L'ouvrage se divise en quelque sorte en deux parties. Tout d'abord un ensemble de développements d'ordre général, puis une description détaillée de 30 lieux. Dans un premier temps, donc, Antoine Pecqueur nous donne une vision de l'évolution de l'architecture des opéras puis de salles de concerts symphoniques, soulignant le passage de la salle en « boîte à chaussures » à la salle révolutionnaire dite « en vignoble », telle la Philharmonie de Berlin conçue par Hans Scharoun. Il ne se contente pas de souligner l'esthétique du geste architectural ; il s'attache à exposer le sens qu'il faut donner à tel ou tel parti pris architectural compte tenu de son emplacement dans la cité, de son mode d'accès, de la manière dont le public est traité – confort des espaces d'accueil, qualité de l'acoustique, distance avec la scène. S'agissant de l'implantation dans le tissu urbain, il constate que certains projets ont vu le jour en périphérie, avec de la part du maître d'ouvrage notamment la volonté de rechercher un nouveau public. On citera deux exemples : l'auditorium du Parco della Musica de Renzo Piano, dans le quartier nord de Rome ainsi que la Philharmonie de Jean Nouvel au nord-est de Paris. Il insiste par ailleurs sur la présence incontournable à côté de l'architecte et de l'acousticien, du scénographe. Ce dernier, selon Michel Fayet travaille « à la fois sur l'aspect conceptuel de la salle, c'est à dire sa forme globale et sur l'aspect technique, en décrivant tous les équipements nécessaires au lieu ». L'approche générale des premiers chapitres est donc illustrée par les 30 monographies qui suivent. Non seulement les thèmes précédemment exposés sont développés mais on peut y lire en outre une analyse des conditions de travail des personnels ainsi que des plus ou moins bonnes facilités offertes aux musiciens pour répéter, avec le constat de l'absence trop fréquente d'une salle de répétition.

 

Ces 30 monographies constituent l'essentiel du travail d'Antoine Pecqueur. On peut alors mesurer combien l'investigation sur site par l'auteur permet des remarques pertinentes grâce aux informations de première main qu'il a su glaner aussi bien auprès de musiciens que de maîtres d'œuvre, sans compter que dans certaines salles, il a pu exercer son métier d'instrumentiste. Chaque salle est illustrée par des clichés superbes, complétés par la reproduction de plans, ce qui est un exploit quand on sait combien il est difficile d'obtenir auprès des architectes le droit de les diffuser. Dans ses propos, Antoine Pecqueur ne s'enferme pas dans la langue de bois : à côté d'appréciations enthousiastes – elles sont majoritaires - il n'hésitera pas à avoir la dent dure pour évoquer des échecs, notamment sur le plan acoustique. Ainsi donne-t-il l'exemple du Palais des Arts de Santiago Calatrava à Valence qui par ailleurs a vu ses coûts exploser. Cette dérive d'ordre financier est du reste assez fréquente ; il évoque le problème à propos du  Walt Disney Concert Hall de Frank Gehry à Los Angeles, du Koncerthuset de Jean Nouvel à Copenhague ou, dernière en date, de la Philharmonie de Hambourg de Herzog et de Meuron qui passe de 187 millions d'Euros à 865 millions d'Euros, pour ne donner ici qu'un seul exemple chiffré. Ajoutons que l'intérêt de l'ouvrage est rehaussé par la présence de plusieurs entretiens inédits avec Pierre Boulez, Rudy Ricciotti, Renzo Piano, Santiago Calatrava, Vittorio Gregotti, Paul Andreu, Christian de Portzamparc, Wolf Prix et Jacques Herzog.
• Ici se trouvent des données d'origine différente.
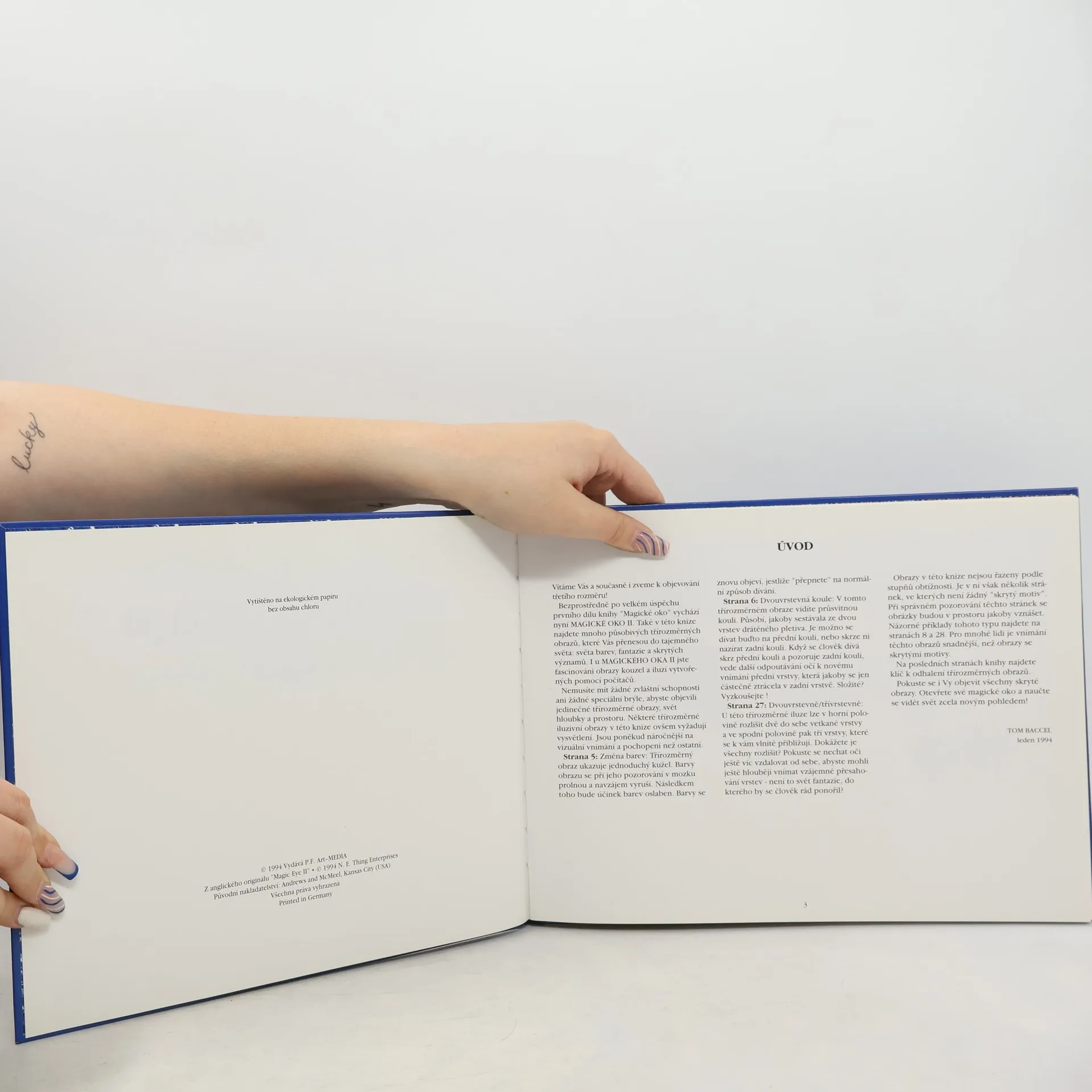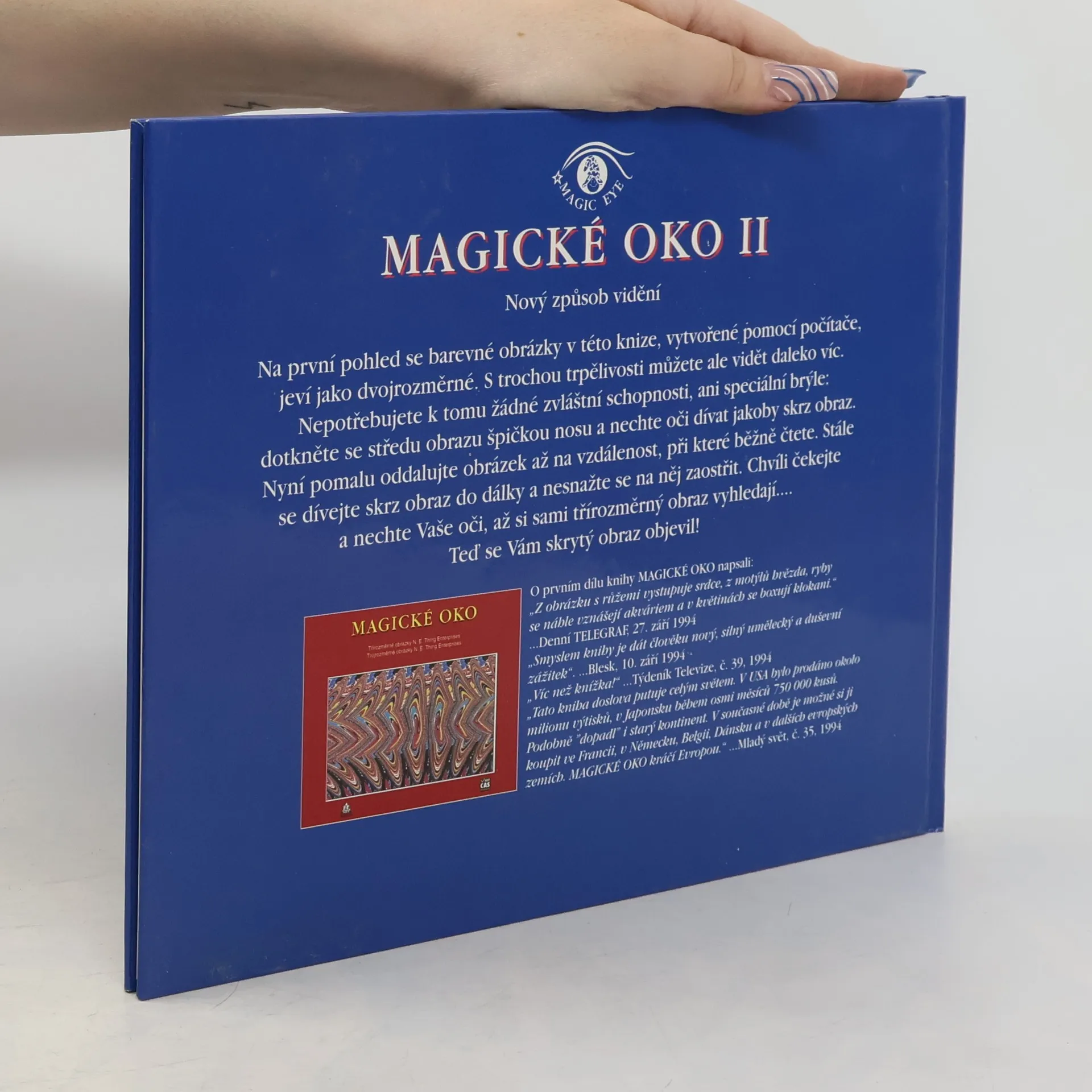 Dívejte se novýma očima. Při listování touto knihou uvidíte nejdříve dekorativní obrazy, které se skládají z čar, barev a vzorů. S trochou trpělivosti však můžete i vy brzy uvidět mnohem víc... Nepotřebujete k tomu ani zvláštní schopnosti, ani speciální brýle. Podržte pouze knihu tak, abyste se jí dotýkali špičkou nosu. Uvolněte oči, dívejte se přímo před sebe, jako byste se dívali skrz knihu. Potom oddálíte knihu na vzdálenost obvyklou při čtení. Nesnažte se dívat na obrázek, stále se dívejte skrz knihu. Po chvíli se před Vašima očima začíná objevovat kouzelný třírozměrný obraz... Úspěch této knihy v USA, Japonsku, Koreji a nyní i v Evropě svědčí o velikém zájmu o fascinující obrazy iluzí a kouzel

A la fin de la lecture des « Espaces de la musique », on est convaincu de la vérité de cette phrase de Renzo Piano publiée dans le Monde daté du 22 février 2010 : «  La musique, aussi immatérielle qu'elle soit, peut imposer sa densité et son espace. De tous les arts, c'est ce qu'il y a de plus proche de l'architecture ». Un ouvrage à classer parmi les indispensables.